Morality and Medicine

This is an applied ethics class where we examine a number of ethical issues that arise in the context of contemporary medical practice and research by analyzing articles and decision scenarios. Topics covered include the physician-patient relationship; informed consent; medical experimentation; termination of treatment; genetics; race and medicine; reproductive technologies; euthanasia; resource allocation; and health care reform. This course is a component of the University of Pittsburgh undergraduate certificate in Conceptual Foundations of Medicine.
  • See my syllabus from Fall 2018 here.
  • This course has been reviewed by a student here.
Mind and Medicine
This course is designed as an introduction to the philosophical issues that exist at the intersection of psychology and medicine. Among others, we will examine the following questions: What does it mean to be healthy? Can one define health and sickness purely objectively? Or does the notion of disease involve value judgments of various sorts?
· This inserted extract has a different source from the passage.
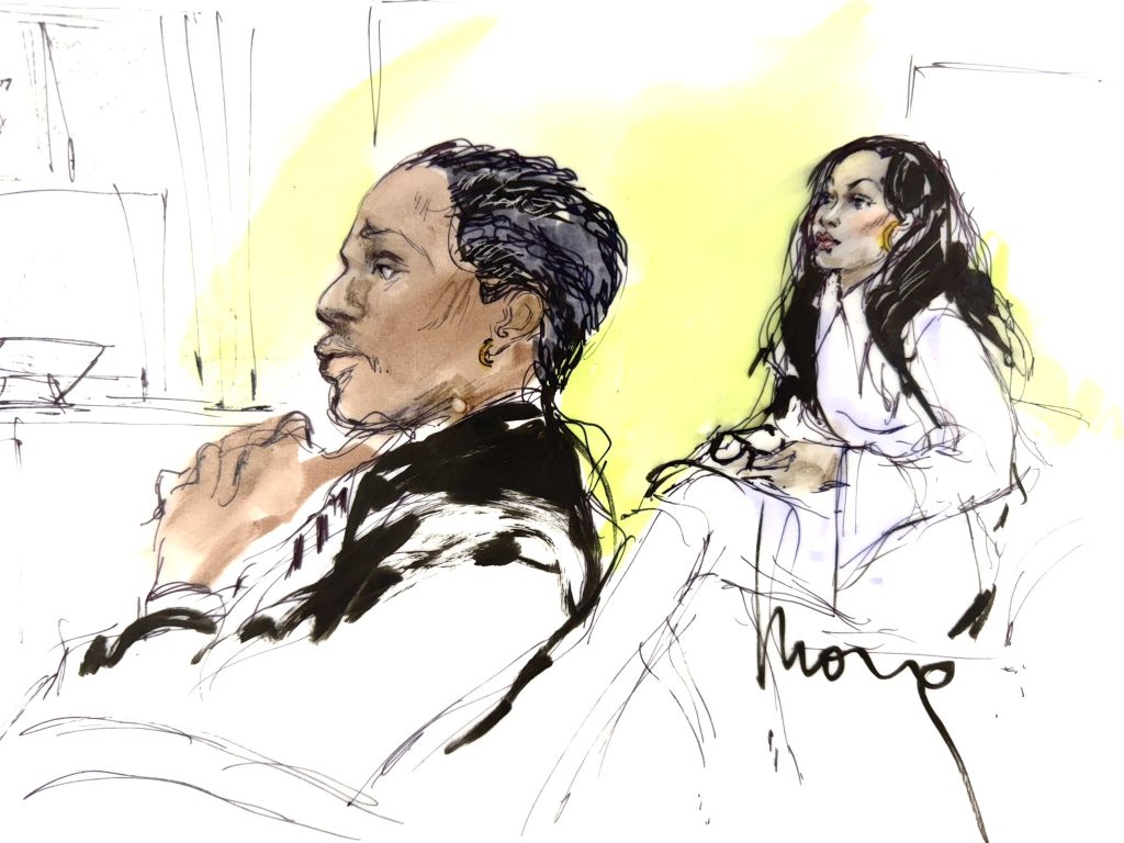 O esboço feito por Mona Edwards ilustrou a cena; embora câmeras tenham sido permitidas nesse caso. O esboço mostra o casal atento ao processo, Rocky mostrando-se totalmente imerso no caso , enquanto Rihanna é retratada sentada atrás de Rocky, com um olhar intenso e firme no rosto.
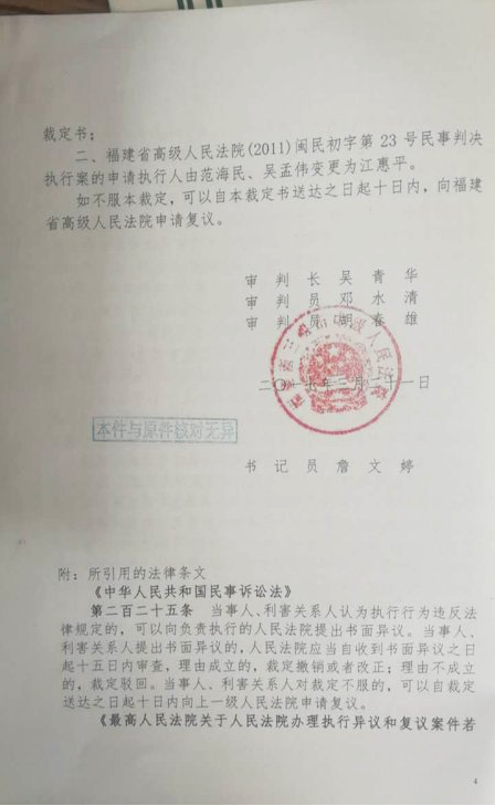 江惠平于2015年10月20日与原执行申请人范海民、吴孟伟签订《债权转让协议》,以1.1亿元的价格,受让其(2013)三执行字第74号执行案项下的本金1亿元及利息。本案的被执行人为温毅荣、杜舒然、厦门市贤础贸易有限公司、永瑞诚旺(厦门)投资有限公司、张劲奕。前述受让债权之行为,由三明中院作出(2017)闽04执异10号民事裁定书,裁定执行申请人由原权利人范海民、吴孟伟变更为江惠平。

What does it mean to say that a disease is “genetic”? Are diseases always best explained by appealing to lower-level biological details such as genetics and biochemistry? Are psychiatric disorders real? How should Scientists best explain psychiatric disorders? Can evolutionary biology be useful to psychiatry? This course is a component of the University of Pittsburgh undergraduate certificate in Conceptual Foundations of Medicine.

  • See my syllabus from Summer 2019 here.
    * Note: this was taught as an intensive 6-week summer course.

Magic, Medicine, and Science

​This course is a survey of Western intellectual history from the Ancient Greeks to the Scientific Revolution. We begin briefly with ancient Greek speculations in cosmology, natural philosophy, and medicine (Plato, Aristotle, Ptolemy, Galen). Then we will examine how they developed through the Middle Ages and into the Renaissance. In the second half of the course, we focus on the exciting intellectual transformations of 17th-century Britain and Europe, which constitute the beginnings of modern science. The great scientific achievements of figures such as Copernicus, Galileo, Kepler, Descartes, Harvey, Boyle, Leibniz, and Newton.
  • See my syllabus from Fall 2017 here.

Philosophy of Biology

​This course considers foundational conceptual issues in biology: the nature and structure of biological explanation, the possibility of laws in evolutionary theory, the relationship between different causal components of biological processes (genetics and development), the problem of species reality and classification, the explanatory character of ascription of biological function, and the extension of biological explanations to human psychology and culture. This course also includes sections on the biological reality of race and gender.
  • See my syllabus from Spring 2015 here.

Examples of Student Work

I employ a combination of traditional and creative options for final projects. For example, in Magic Medicine and Science, as a final assessment, I gave my students a choice between a traditional research paper and a creative project. I encouraged students to draw on their outside interests for their final projects. In the end, student submissions included many artistic projects, research topics on non-Western science, and biographies of overlooked scientists. ​You can see some more examples below!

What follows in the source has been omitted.